_Aim of the task_
Only the lines from the one containing "幸好三顾出来了2个司马师,然后用碎片兑换,司马师刚好升到4星。" to the end of the data should be copied, exactly and without pictures.

_Given information_
= = =
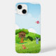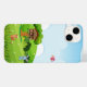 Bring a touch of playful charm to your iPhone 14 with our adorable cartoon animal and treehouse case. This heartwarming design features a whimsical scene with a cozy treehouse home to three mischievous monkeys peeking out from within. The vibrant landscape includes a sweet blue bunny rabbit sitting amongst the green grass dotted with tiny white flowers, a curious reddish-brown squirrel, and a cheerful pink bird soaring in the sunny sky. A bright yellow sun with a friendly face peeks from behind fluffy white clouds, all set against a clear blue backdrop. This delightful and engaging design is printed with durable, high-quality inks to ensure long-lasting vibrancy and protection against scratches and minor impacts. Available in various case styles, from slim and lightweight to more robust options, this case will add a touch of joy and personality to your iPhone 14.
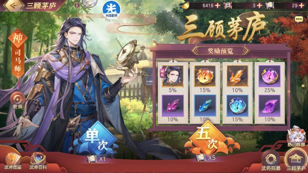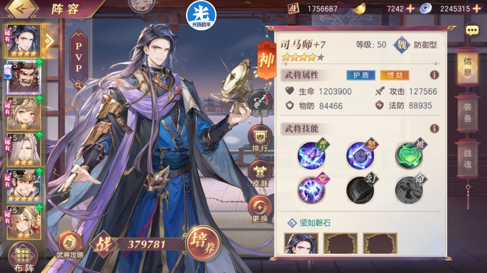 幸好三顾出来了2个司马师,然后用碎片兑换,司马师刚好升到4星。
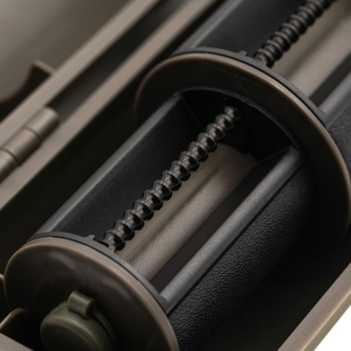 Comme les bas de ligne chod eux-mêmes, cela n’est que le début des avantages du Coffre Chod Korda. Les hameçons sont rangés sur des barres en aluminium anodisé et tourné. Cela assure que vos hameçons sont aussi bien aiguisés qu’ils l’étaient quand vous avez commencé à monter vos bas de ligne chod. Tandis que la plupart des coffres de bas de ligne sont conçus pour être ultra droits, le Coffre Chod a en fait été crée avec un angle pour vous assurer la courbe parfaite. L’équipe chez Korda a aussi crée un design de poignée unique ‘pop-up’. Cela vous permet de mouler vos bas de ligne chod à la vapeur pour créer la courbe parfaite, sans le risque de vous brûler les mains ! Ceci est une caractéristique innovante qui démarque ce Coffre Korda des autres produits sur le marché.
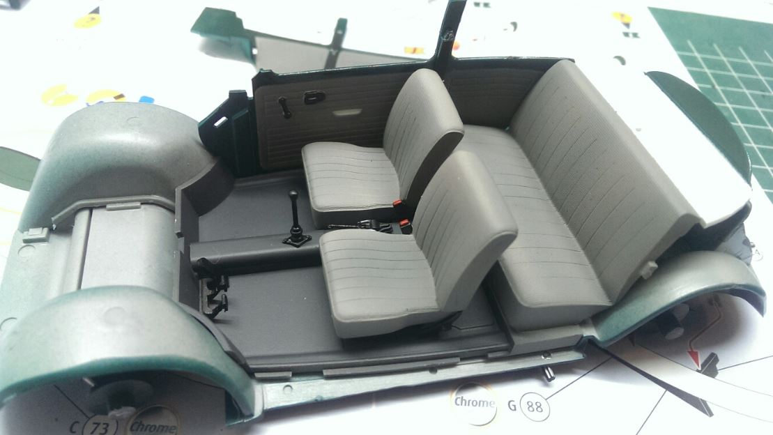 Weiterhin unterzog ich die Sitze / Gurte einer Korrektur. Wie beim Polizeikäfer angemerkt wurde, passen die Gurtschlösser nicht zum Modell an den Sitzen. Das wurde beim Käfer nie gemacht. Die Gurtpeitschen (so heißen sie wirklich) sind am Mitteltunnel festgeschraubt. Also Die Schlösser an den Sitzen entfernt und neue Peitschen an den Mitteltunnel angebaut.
= = =
_Problem solution_
 幸好三顾出来了2个司马师,然后用碎片兑换,司马师刚好升到4星。
 Comme les bas de ligne chod eux-mêmes, cela n’est que le début des avantages du Coffre Chod Korda. Les hameçons sont rangés sur des barres en aluminium anodisé et tourné. Cela assure que vos hameçons sont aussi bien aiguisés qu’ils l’étaient quand vous avez commencé à monter vos bas de ligne chod. Tandis que la plupart des coffres de bas de ligne sont conçus pour être ultra droits, le Coffre Chod a en fait été crée avec un angle pour vous assurer la courbe parfaite. L’équipe chez Korda a aussi crée un design de poignée unique ‘pop-up’. Cela vous permet de mouler vos bas de ligne chod à la vapeur pour créer la courbe parfaite, sans le risque de vous brûler les mains ! Ceci est une caractéristique innovante qui démarque ce Coffre Korda des autres produits sur le marché.
 Weiterhin unterzog ich die Sitze / Gurte einer Korrektur. Wie beim Polizeikäfer angemerkt wurde, passen die Gurtschlösser nicht zum Modell an den Sitzen. Das wurde beim Käfer nie gemacht. Die Gurtpeitschen (so heißen sie wirklich) sind am Mitteltunnel festgeschraubt. Also Die Schlösser an den Sitzen entfernt und neue Peitschen an den Mitteltunnel angebaut.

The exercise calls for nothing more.